• _Data shown_
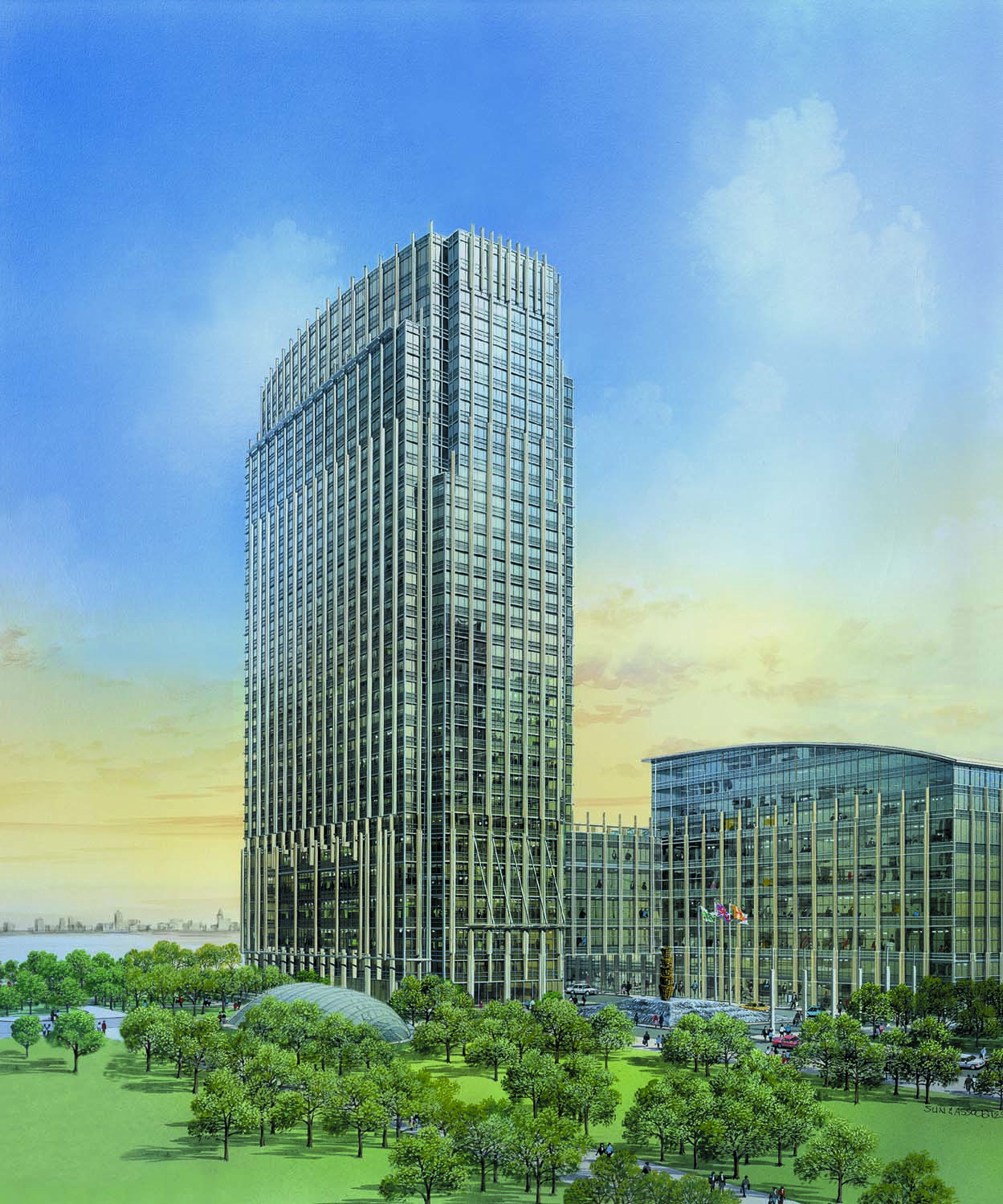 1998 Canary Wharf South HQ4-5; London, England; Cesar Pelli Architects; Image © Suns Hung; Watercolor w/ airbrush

==

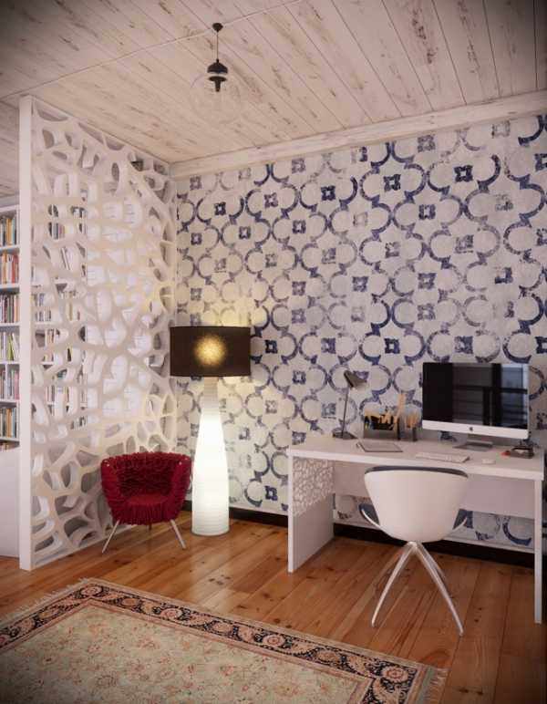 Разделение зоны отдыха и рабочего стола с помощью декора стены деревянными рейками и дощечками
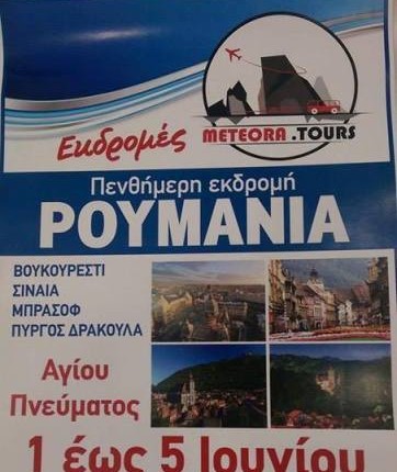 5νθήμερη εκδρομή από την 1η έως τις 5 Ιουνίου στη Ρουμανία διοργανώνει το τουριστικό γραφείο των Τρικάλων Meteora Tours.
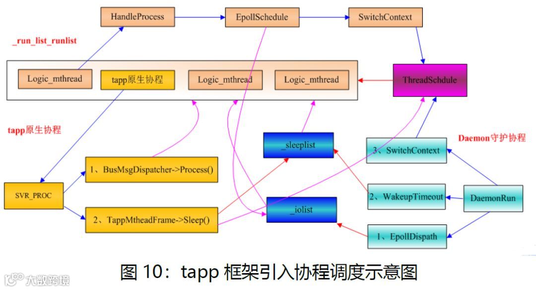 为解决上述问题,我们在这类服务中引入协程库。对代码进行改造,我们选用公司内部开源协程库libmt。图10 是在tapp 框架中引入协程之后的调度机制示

• _Exercise goal_
After locating "Разделение зоны отдыха" and "5νθήμερη εκδρομή από" in the records above, return exactly the line holding each one and every line between them; leave out the pictures.

• _Task output_
 Разделение зоны отдыха и рабочего стола с помощью декора стены деревянными рейками и дощечками
 5νθήμερη εκδρομή από την 1η έως τις 5 Ιουνίου στη Ρουμανία διοργανώνει το τουριστικό γραφείο των Τρικάλων Meteora Tours.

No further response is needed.